STUDY MATERIAL:
○ ○ ○ ○

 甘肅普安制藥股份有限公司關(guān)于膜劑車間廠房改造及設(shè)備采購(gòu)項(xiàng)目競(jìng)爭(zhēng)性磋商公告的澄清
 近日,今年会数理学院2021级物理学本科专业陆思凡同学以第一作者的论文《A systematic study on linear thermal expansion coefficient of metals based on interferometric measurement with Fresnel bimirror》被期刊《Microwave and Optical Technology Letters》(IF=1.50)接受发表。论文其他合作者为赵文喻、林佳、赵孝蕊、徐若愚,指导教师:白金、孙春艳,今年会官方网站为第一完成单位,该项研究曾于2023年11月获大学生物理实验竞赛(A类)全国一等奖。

○ ○ ○ ○

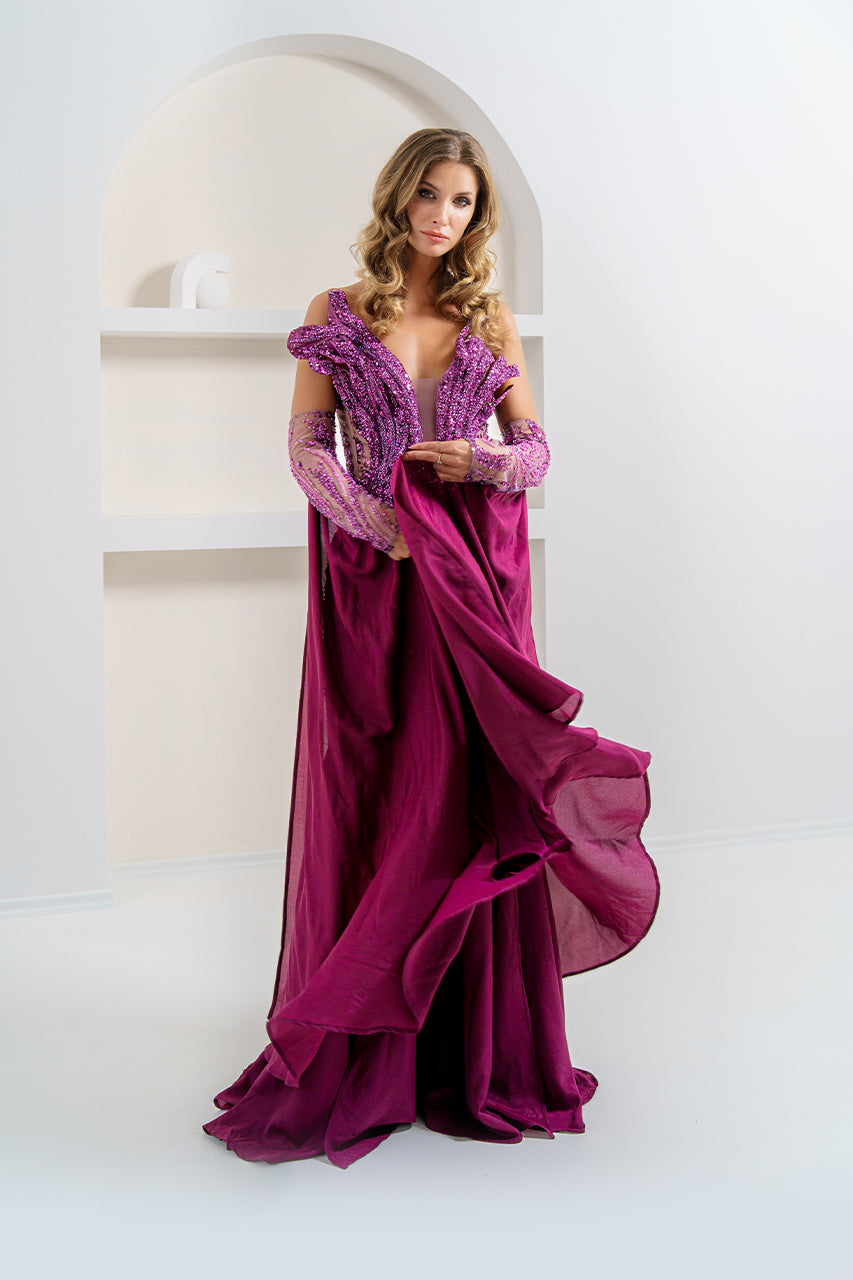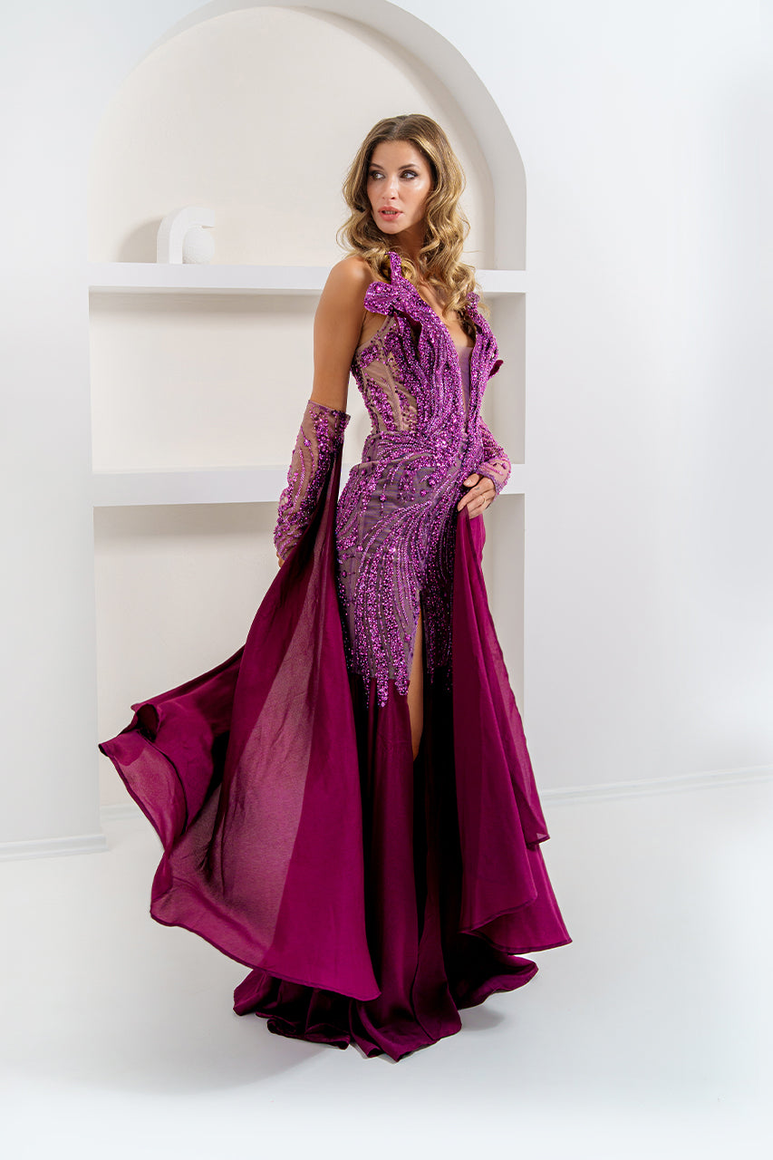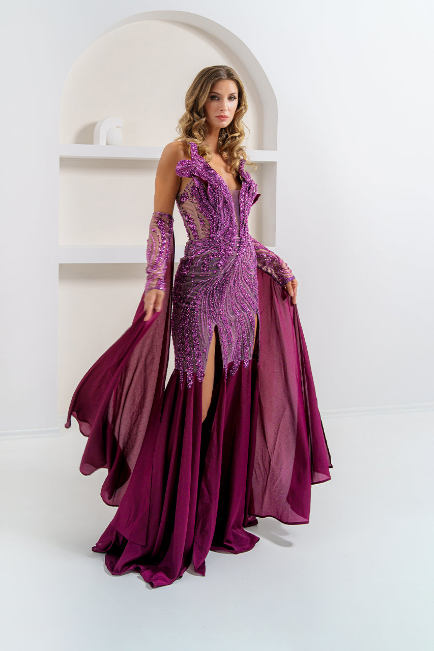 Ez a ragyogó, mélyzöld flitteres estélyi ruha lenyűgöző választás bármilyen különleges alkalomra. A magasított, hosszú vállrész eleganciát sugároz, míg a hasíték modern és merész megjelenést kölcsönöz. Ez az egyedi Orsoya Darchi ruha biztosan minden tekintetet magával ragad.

○ ○ ○ ○

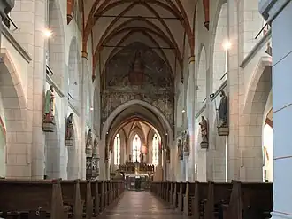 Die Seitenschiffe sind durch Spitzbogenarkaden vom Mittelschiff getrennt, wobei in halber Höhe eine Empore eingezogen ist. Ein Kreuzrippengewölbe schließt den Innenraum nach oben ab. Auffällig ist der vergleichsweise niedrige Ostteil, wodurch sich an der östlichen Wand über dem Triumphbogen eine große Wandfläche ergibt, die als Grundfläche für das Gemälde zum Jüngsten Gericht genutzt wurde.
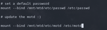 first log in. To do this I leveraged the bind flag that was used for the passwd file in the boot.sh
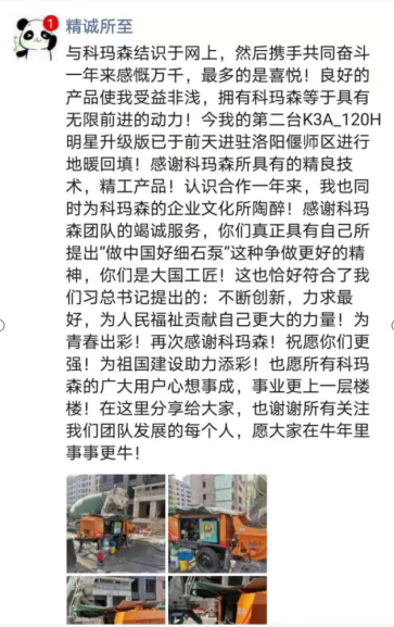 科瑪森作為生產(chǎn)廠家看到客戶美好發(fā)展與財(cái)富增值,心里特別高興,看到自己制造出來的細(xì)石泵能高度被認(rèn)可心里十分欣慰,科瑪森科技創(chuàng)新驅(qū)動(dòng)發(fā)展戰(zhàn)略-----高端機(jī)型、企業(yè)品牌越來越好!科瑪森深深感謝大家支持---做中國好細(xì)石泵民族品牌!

○ ○ ○ ○

WHAT TO WORK ON:
Would you please write out, exactly and with no other lines, the stretch of the listing above from the line containing "甘肅普安制藥股份有限公司關(guān)于" through the line containing "近日,今年会数理学院2021级物理学本科专业陆思凡同学以第一作者的论文《A systematic study"?

EXERCISE ANSWER:
 甘肅普安制藥股份有限公司關(guān)于膜劑車間廠房改造及設(shè)備采購(gòu)項(xiàng)目競(jìng)爭(zhēng)性磋商公告的澄清
 近日,今年会数理学院2021级物理学本科专业陆思凡同学以第一作者的论文《A systematic study on linear thermal expansion coefficient of metals based on interferometric measurement with Fresnel bimirror》被期刊《Microwave and Optical Technology Letters》(IF=1.50)接受发表。论文其他合作者为赵文喻、林佳、赵孝蕊、徐若愚,指导教师:白金、孙春艳,今年会官方网站为第一完成单位,该项研究曾于2023年11月获大学生物理实验竞赛(A类)全国一等奖。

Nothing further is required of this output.